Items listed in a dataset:

↓↓↓

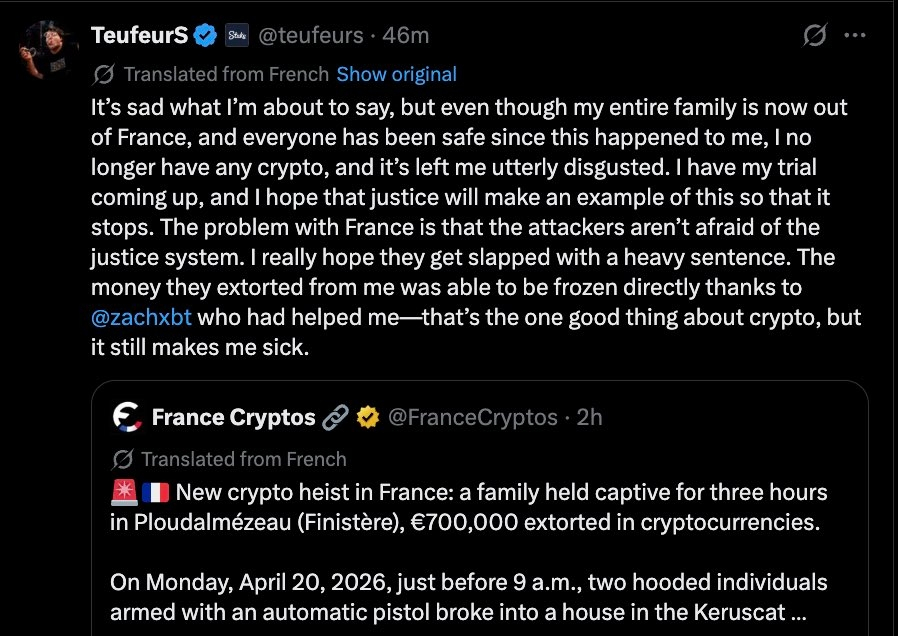 Koszmar zaczął się od przemyślanej mistyfikacji. Przestępcy podszywający się pod kurierów Amazonu oszukali 60-letniego ojca TeufeurS, zmuszając go do otwarcia drzwi w Cures we Francji. Został natychmiast porwany przez grupę w stylu komando i zmuszony do wejścia do pojazdu.
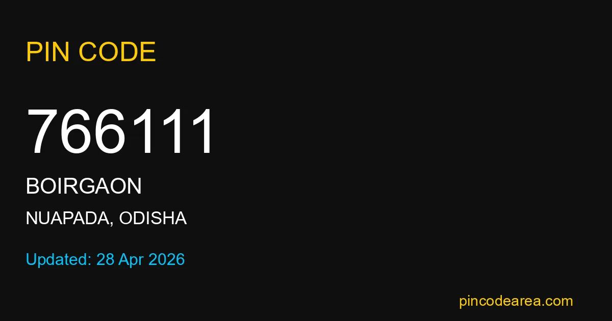 766111 PIN Code is assigned to Boirgaon Post Office located in Nuapada district of Odisha. It helps identify the exact delivery area for postal and courier services.
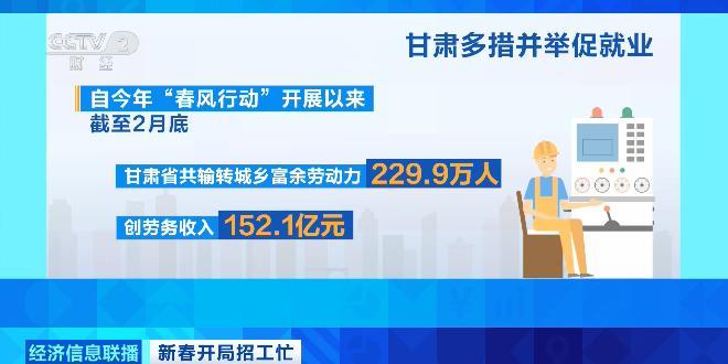 數據顯示,自今年“春風行動”開展以來,截至2月底,甘肅省共輸轉城鄉富餘勞動力229.9萬人,創勞務收入152.1億元;目前,甘肅省已舉辦線上線下招聘活動近1800場次,提供就業崗位90多萬個,輸轉3萬多人返崗就業。
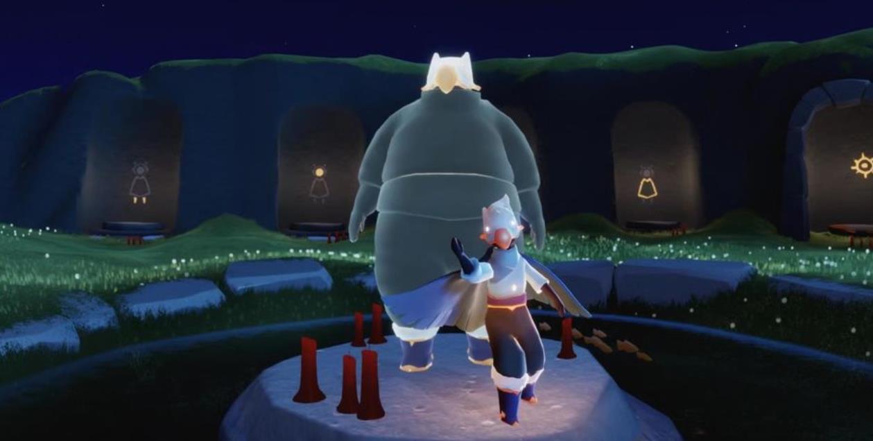 2、在大石头台子这里停下来,绕到其背后,就能找到此次复刻的先祖了,然后小伙伴们就能够找先祖去兑换自己需要的装扮物品了哦。
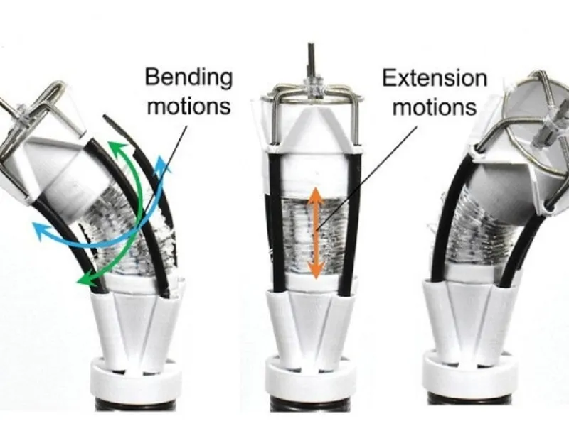 Sistemul hidraulic permite brațului să se îndoaie și să se răsucească, în timp ce controlerele reglează rigiditatea folosind tuburi elastice. Fiecare componentă este operată din exterior.
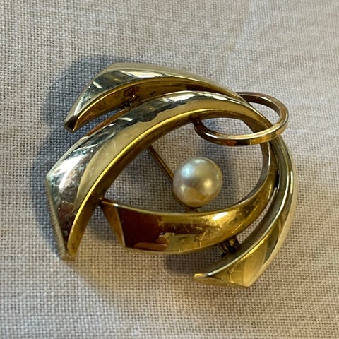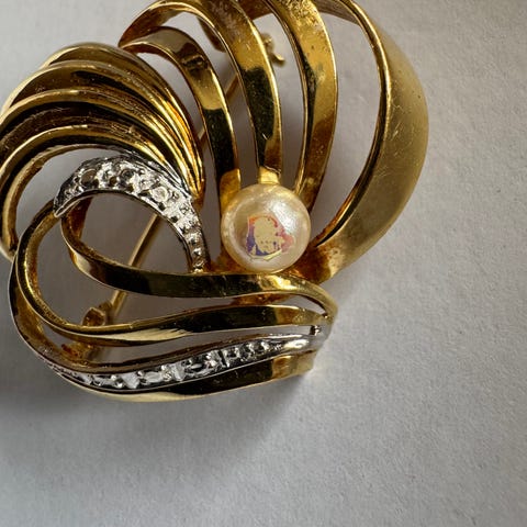 Vakker nål i gult og hvitt gull m ferskvannsperle.
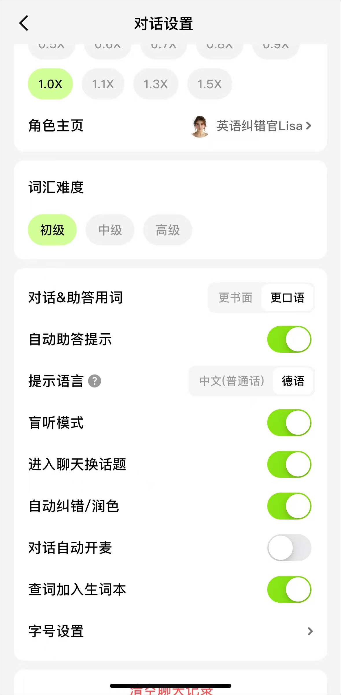 TalkAI练口语支持英语、中文、日语、德语等多国语言,采用纯正的发音音色,支持不同语速调节,让你与智能AI进行自然且流畅的对话。我们提供多种对话难度,跟踪你的对话水平并实时反馈,帮助你智能实现语言学习目标。
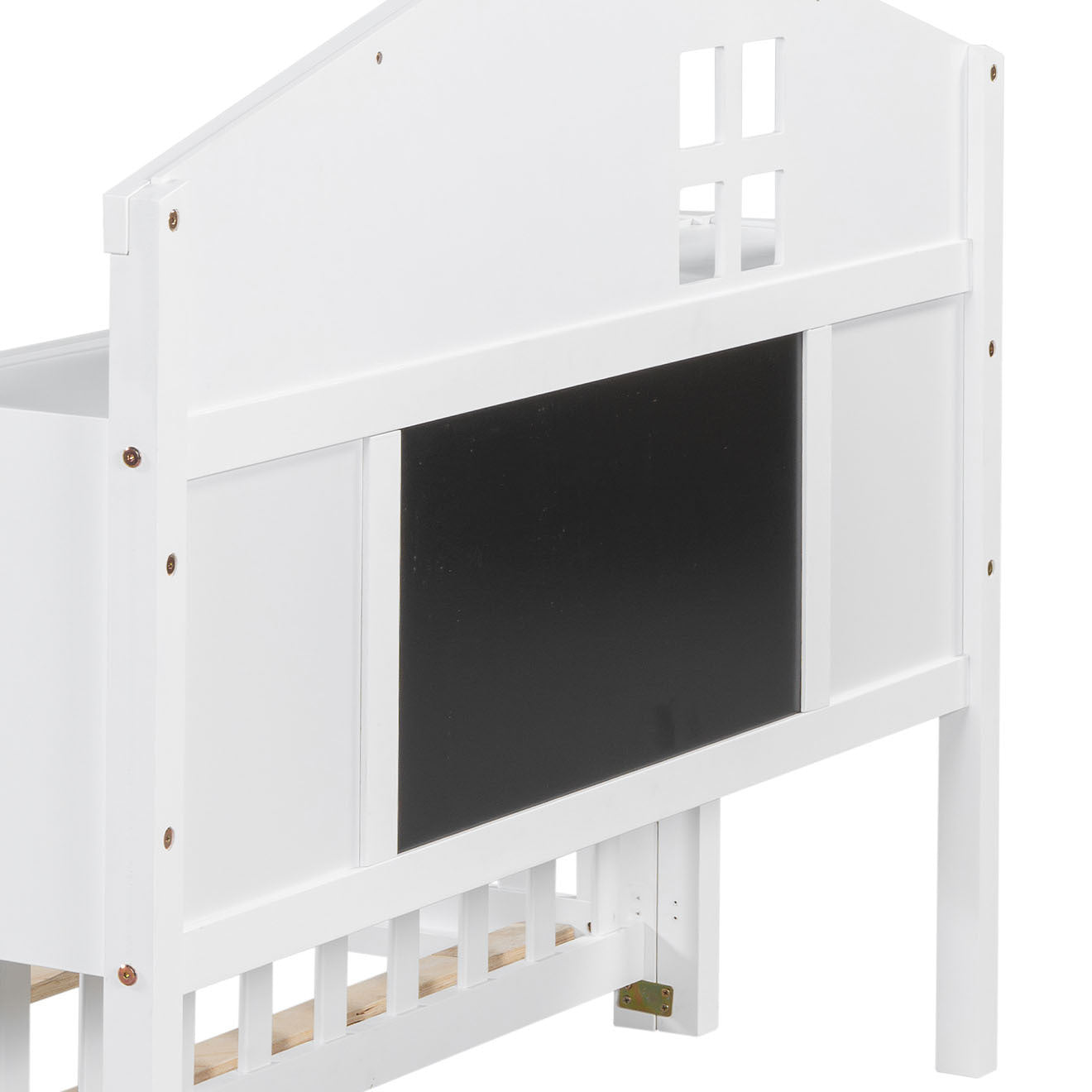 - 3.FUN AND SAFE DESIGN: The bed frame has a chalkboard on the back of the headboard so you can doodle according to your imagination and preference. The small door that can be opened and closed adds fun to the bed and creates a safer sleeping space.
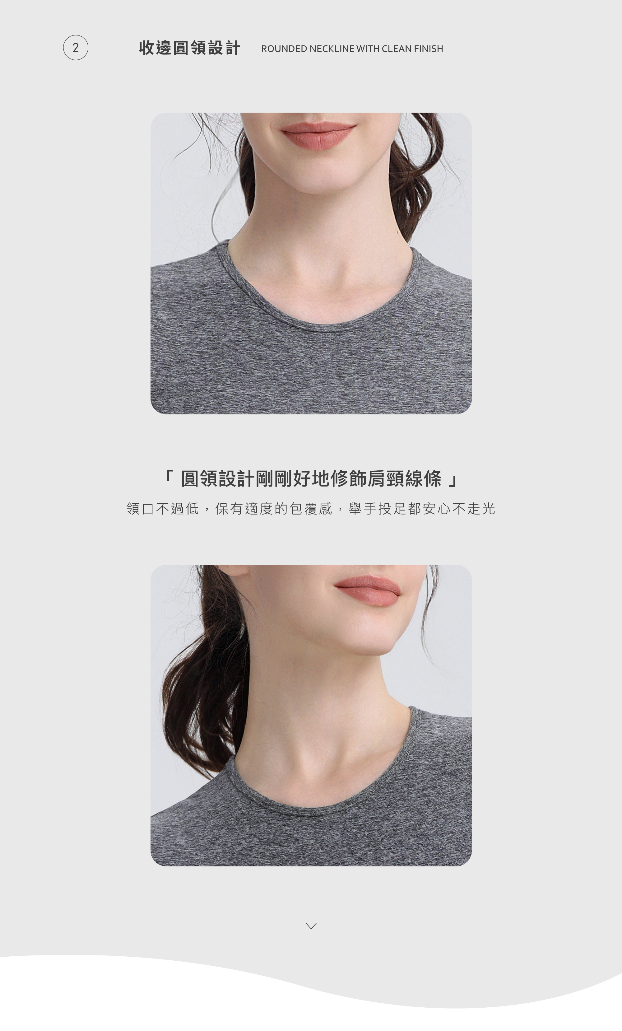 ● 圓領設計|修飾肩頸線條,領口不過低,安全感滿分

↑↑↑

EXERCISE DESCRIPTION: Pictures aside, set down the lines from the one containing "Vakker nål i" through the end of the records above, exactly and only those.

RESPONSE:
 Vakker nål i gult og hvitt gull m ferskvannsperle.
 TalkAI练口语支持英语、中文、日语、德语等多国语言,采用纯正的发音音色,支持不同语速调节,让你与智能AI进行自然且流畅的对话。我们提供多种对话难度,跟踪你的对话水平并实时反馈,帮助你智能实现语言学习目标。
 - 3.FUN AND SAFE DESIGN: The bed frame has a chalkboard on the back of the headboard so you can doodle according to your imagination and preference. The small door that can be opened and closed adds fun to the bed and creates a safer sleeping space.
 ● 圓領設計|修飾肩頸線條,領口不過低,安全感滿分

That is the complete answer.